Divide using synthetic division $$ ( 9x^{3}+90x^{2}-2 ) \div ( x+10 ) $$
Answer
The synthetic division table is:
$$ \begin{array}{c|rrrr}-10&9&90&0&-2\\& & -90& 0& \color{black}{0} \\ \hline &\color{blue}{9}&\color{blue}{0}&\color{blue}{0}&\color{orangered}{-2} \end{array} $$The solution is:
$$ \frac{ 9x^{3}+90x^{2}-2 }{ x+10 } = \color{blue}{9x^{2}} \color{red}{~-~} \frac{ \color{red}{ 2 } }{ x+10 } $$Explanation
Step 1 : Write down the coefficients of the dividend into division table. Put the zero from $ x + 10 = 0 $ ( $ x = \color{blue}{ -10 } $ ) at the left.
$$ \begin{array}{c|rrrr}\color{blue}{-10}&9&90&0&-2\\& & & & \\ \hline &&&& \end{array} $$Step 1 : Bring down the leading coefficient to the bottom row.
$$ \begin{array}{c|rrrr}-10&\color{orangered}{ 9 }&90&0&-2\\& & & & \\ \hline &\color{orangered}{9}&&& \end{array} $$Step 2 : Multiply by the number on the left, and carry the result into the next column: $ \color{blue}{ -10 } \cdot \color{blue}{ 9 } = \color{blue}{ -90 } $.
$$ \begin{array}{c|rrrr}\color{blue}{-10}&9&90&0&-2\\& & \color{blue}{-90} & & \\ \hline &\color{blue}{9}&&& \end{array} $$Step 3 : Add down last column: $ \color{orangered}{ 90 } + \color{orangered}{ \left( -90 \right) } = \color{orangered}{ 0 } $
$$ \begin{array}{c|rrrr}-10&9&\color{orangered}{ 90 }&0&-2\\& & \color{orangered}{-90} & & \\ \hline &9&\color{orangered}{0}&& \end{array} $$Step 4 : Multiply by the number on the left, and carry the result into the next column: $ \color{blue}{ -10 } \cdot \color{blue}{ 0 } = \color{blue}{ 0 } $.
$$ \begin{array}{c|rrrr}\color{blue}{-10}&9&90&0&-2\\& & -90& \color{blue}{0} & \\ \hline &9&\color{blue}{0}&& \end{array} $$Step 5 : Add down last column: $ \color{orangered}{ 0 } + \color{orangered}{ 0 } = \color{orangered}{ 0 } $
$$ \begin{array}{c|rrrr}-10&9&90&\color{orangered}{ 0 }&-2\\& & -90& \color{orangered}{0} & \\ \hline &9&0&\color{orangered}{0}& \end{array} $$Step 6 : Multiply by the number on the left, and carry the result into the next column: $ \color{blue}{ -10 } \cdot \color{blue}{ 0 } = \color{blue}{ 0 } $.

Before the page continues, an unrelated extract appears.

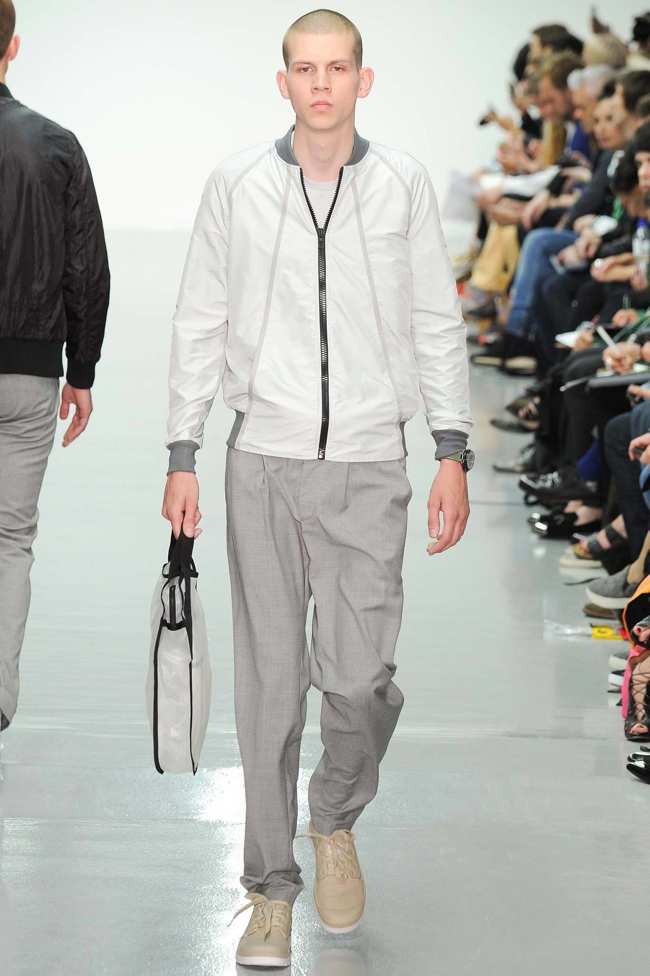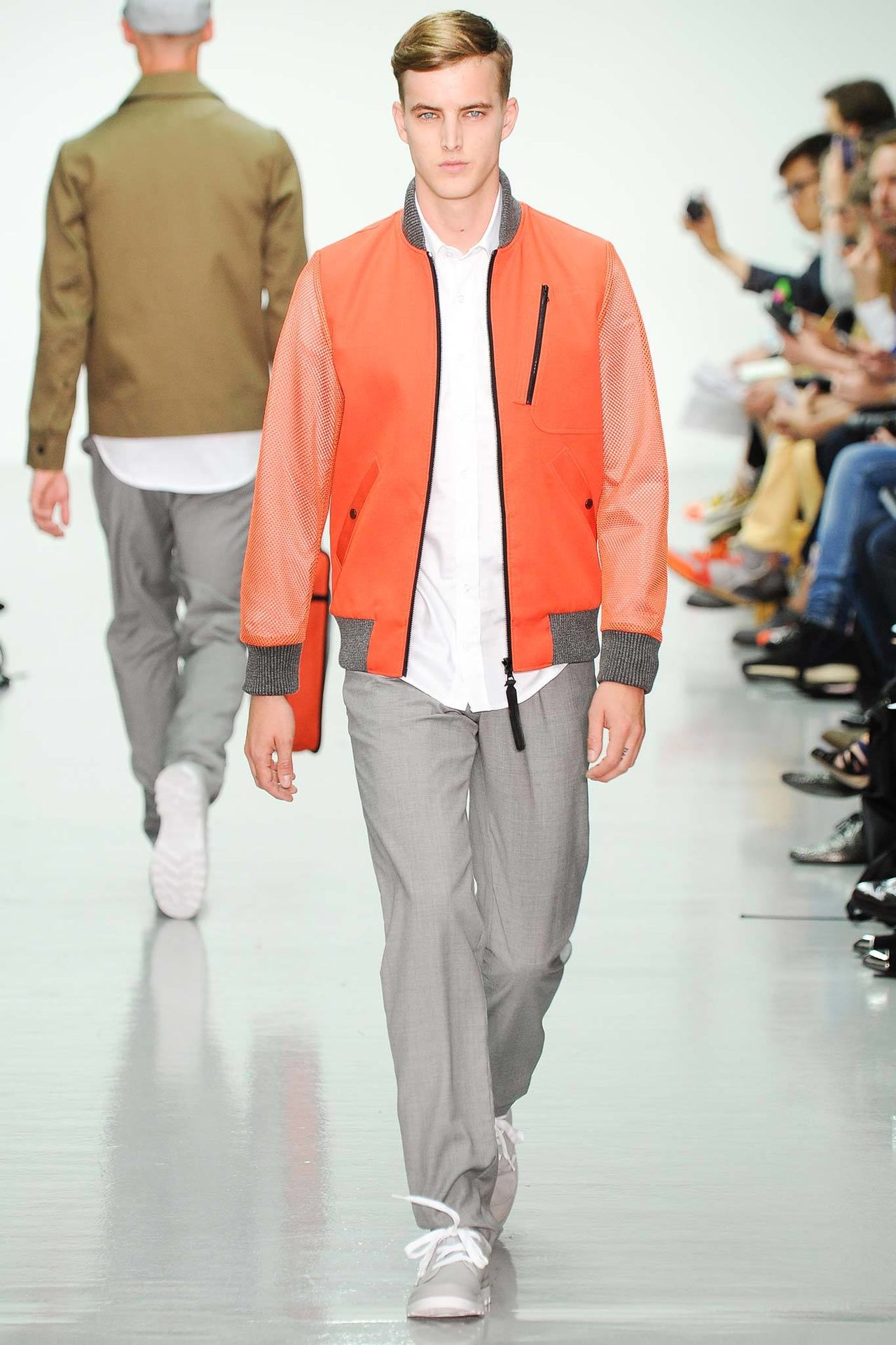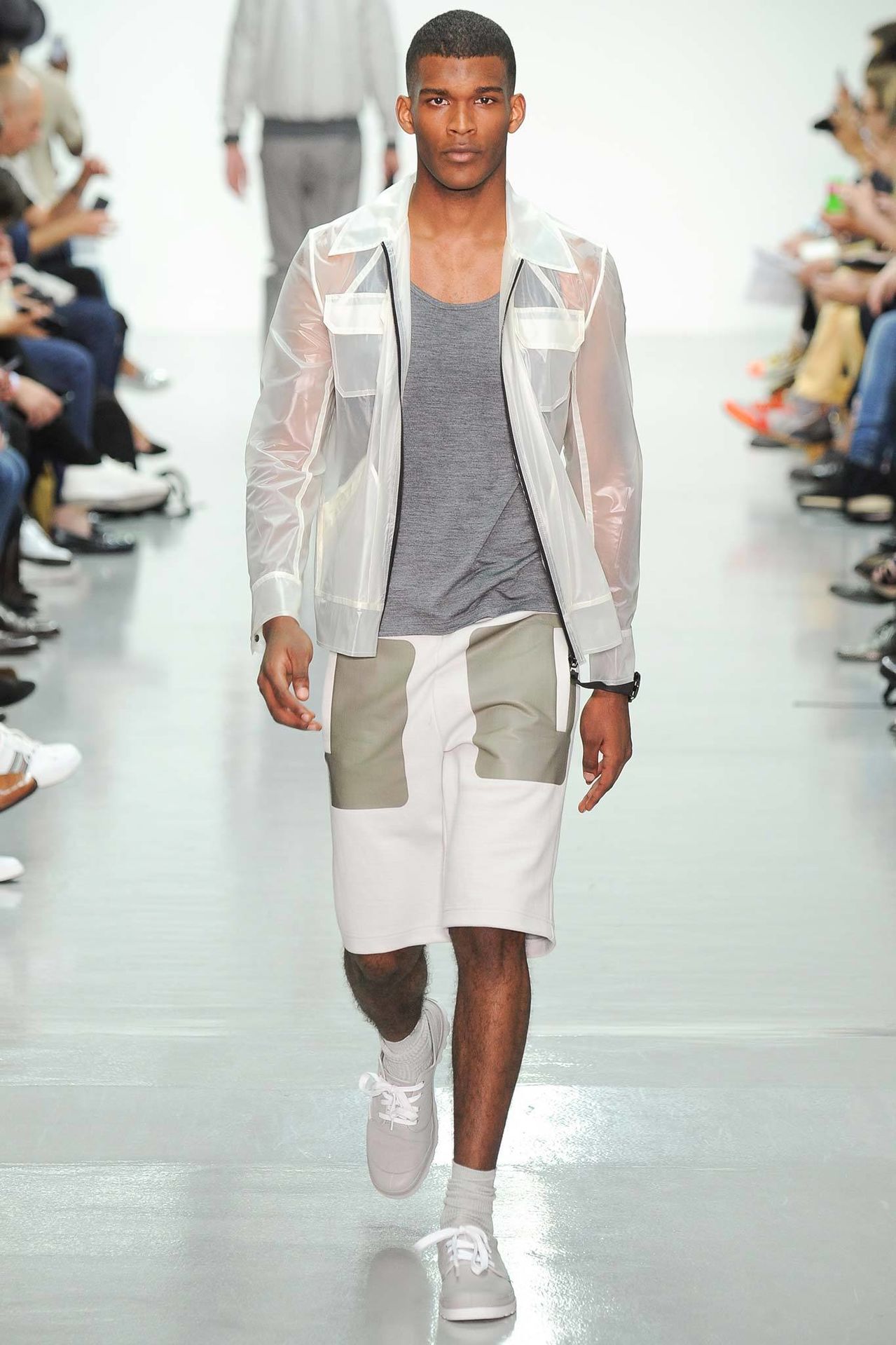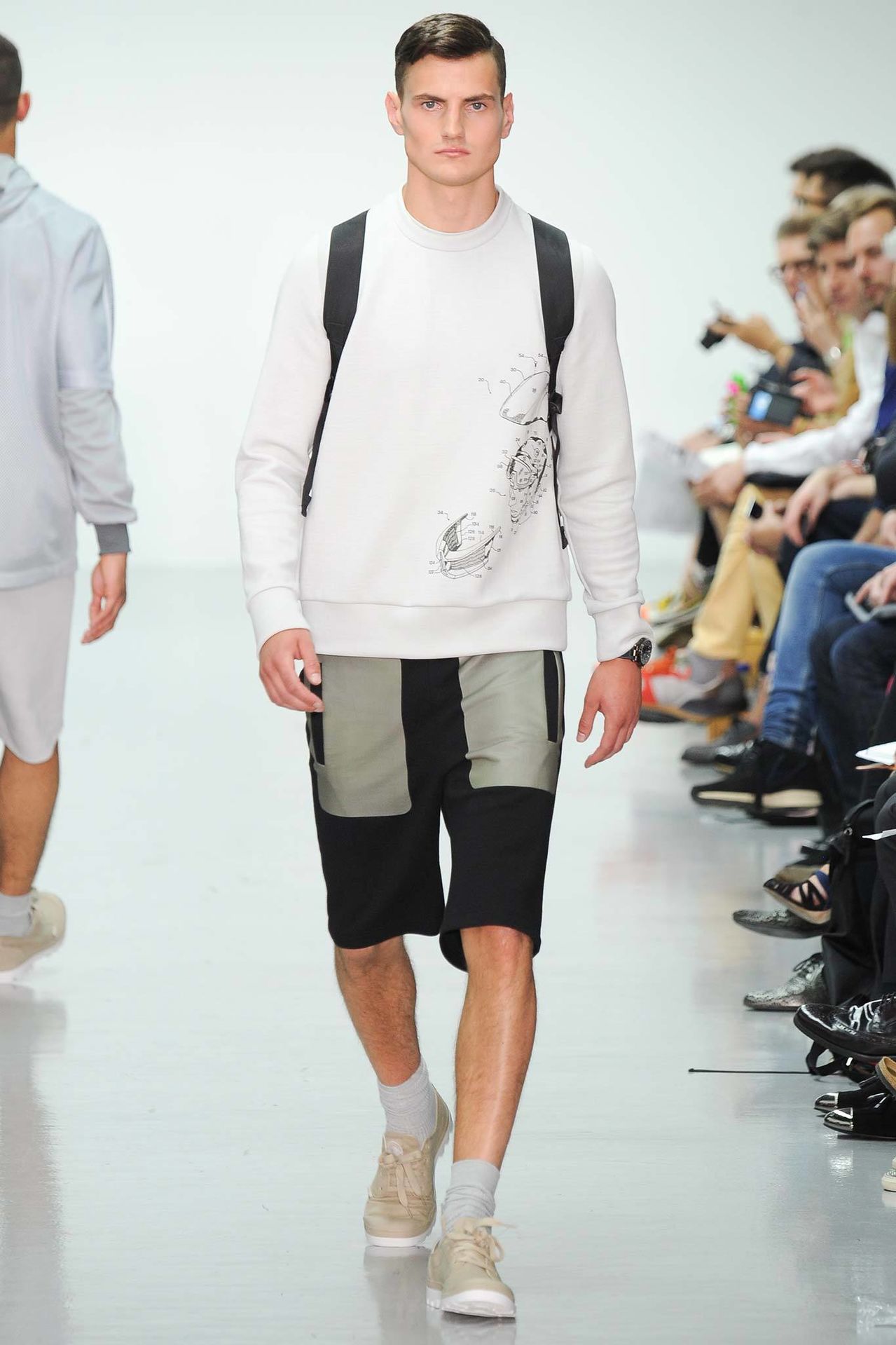 Christopher Raeburn Spring/Summer 2015–Designer Christopher Raeburn looked to the deserts of Arizona for inspiration this season, particularly the boneyards where old military aircraft find their way. Staying true to his sportswear roots, the season’s theme was applied to the collection with a minimal hand. Among dusty floral prints, plane fragments made their way into patterns that covered mac jackets, pullovers, shorts and hooded jackets.
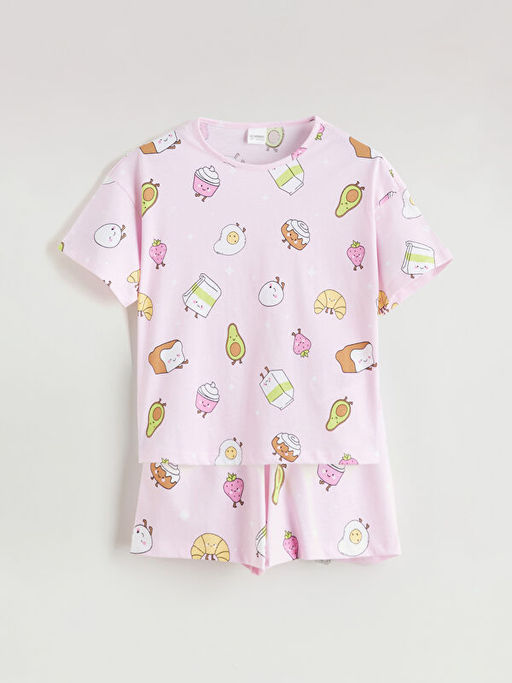 • Bask?l? K?z ?ocuk ?ortlu Pijama Tak?m?

$$ \begin{array}{c|rrrr}\color{blue}{-10}&9&90&0&-2\\& & -90& 0& \color{blue}{0} \\ \hline &9&0&\color{blue}{0}& \end{array} $$Step 7 : Add down last column: $ \color{orangered}{ -2 } + \color{orangered}{ 0 } = \color{orangered}{ -2 } $
$$ \begin{array}{c|rrrr}-10&9&90&0&\color{orangered}{ -2 }\\& & -90& 0& \color{orangered}{0} \\ \hline &\color{blue}{9}&\color{blue}{0}&\color{blue}{0}&\color{orangered}{-2} \end{array} $$Bottom line represents the quotient $ \color{blue}{ 9x^{2} } $ with a remainder of $ \color{red}{ -2 } $.